• [Goal of the exercise]: All lines below between the line with "カッティングの美しさに心奪わ" and the line with "Pandhurna (30 km)", including both, must be copied exactly, and the pictures must be omitted.
*** Information supplied Section Begins ***
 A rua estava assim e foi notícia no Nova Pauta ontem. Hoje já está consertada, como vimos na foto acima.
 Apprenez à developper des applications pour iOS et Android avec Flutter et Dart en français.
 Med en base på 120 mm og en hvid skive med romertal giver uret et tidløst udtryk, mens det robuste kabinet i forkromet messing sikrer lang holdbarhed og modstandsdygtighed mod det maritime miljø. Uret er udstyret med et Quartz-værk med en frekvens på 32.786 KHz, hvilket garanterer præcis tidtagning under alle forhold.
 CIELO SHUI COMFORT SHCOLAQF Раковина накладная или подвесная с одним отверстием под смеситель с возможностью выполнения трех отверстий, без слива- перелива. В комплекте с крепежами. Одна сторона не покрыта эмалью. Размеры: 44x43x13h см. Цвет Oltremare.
*** Information supplied Section Ends ***
*** Information supplied Section Begins ***
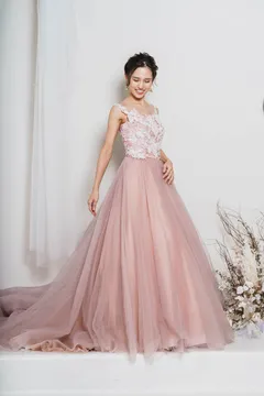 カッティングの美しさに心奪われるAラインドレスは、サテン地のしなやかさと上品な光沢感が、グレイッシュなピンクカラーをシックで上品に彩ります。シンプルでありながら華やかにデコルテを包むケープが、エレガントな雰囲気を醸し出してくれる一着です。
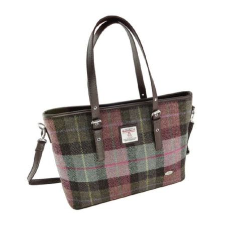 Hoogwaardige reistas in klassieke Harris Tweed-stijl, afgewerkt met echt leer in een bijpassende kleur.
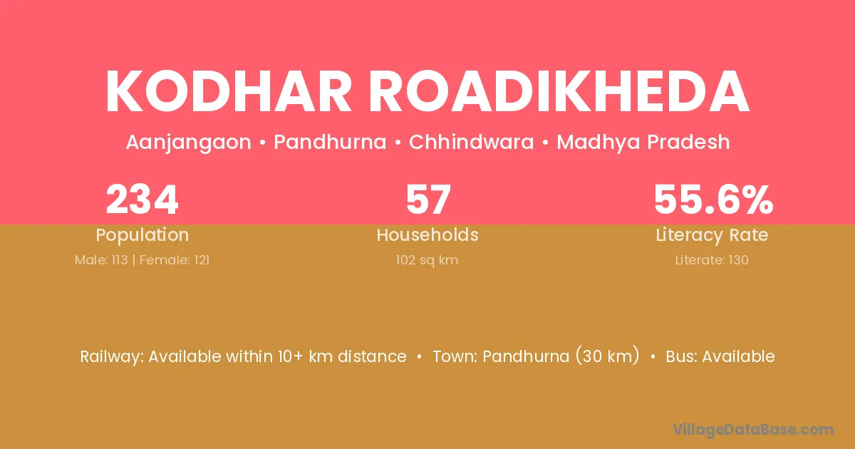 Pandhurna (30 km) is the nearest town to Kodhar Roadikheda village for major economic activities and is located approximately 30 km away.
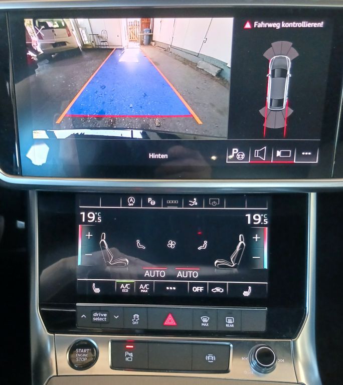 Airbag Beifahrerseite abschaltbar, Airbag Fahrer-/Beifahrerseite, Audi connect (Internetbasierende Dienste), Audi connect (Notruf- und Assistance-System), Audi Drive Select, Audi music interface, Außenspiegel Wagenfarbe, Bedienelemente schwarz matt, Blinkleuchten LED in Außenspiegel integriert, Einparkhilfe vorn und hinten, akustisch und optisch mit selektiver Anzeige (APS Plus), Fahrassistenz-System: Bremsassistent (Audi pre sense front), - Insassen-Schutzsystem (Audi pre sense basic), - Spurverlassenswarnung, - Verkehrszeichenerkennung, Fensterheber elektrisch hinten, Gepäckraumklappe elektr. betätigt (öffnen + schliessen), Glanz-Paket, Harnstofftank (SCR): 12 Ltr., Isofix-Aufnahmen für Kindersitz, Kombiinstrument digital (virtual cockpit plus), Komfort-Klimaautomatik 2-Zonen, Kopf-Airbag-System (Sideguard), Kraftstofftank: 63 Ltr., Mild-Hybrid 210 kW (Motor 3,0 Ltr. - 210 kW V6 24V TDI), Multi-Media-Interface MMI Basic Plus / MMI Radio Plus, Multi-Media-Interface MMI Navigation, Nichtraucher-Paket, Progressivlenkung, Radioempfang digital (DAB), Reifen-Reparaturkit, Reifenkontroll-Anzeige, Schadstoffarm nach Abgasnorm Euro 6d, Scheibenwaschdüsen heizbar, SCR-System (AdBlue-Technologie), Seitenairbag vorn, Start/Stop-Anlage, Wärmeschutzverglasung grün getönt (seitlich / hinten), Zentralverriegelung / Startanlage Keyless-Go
*** Information supplied Section Ends ***
• [Exercise result]:
 カッティングの美しさに心奪われるAラインドレスは、サテン地のしなやかさと上品な光沢感が、グレイッシュなピンクカラーをシックで上品に彩ります。シンプルでありながら華やかにデコルテを包むケープが、エレガントな雰囲気を醸し出してくれる一着です。
 Hoogwaardige reistas in klassieke Harris Tweed-stijl, afgewerkt met echt leer in een bijpassende kleur.
 Pandhurna (30 km) is the nearest town to Kodhar Roadikheda village for major economic activities and is located approximately 30 km away.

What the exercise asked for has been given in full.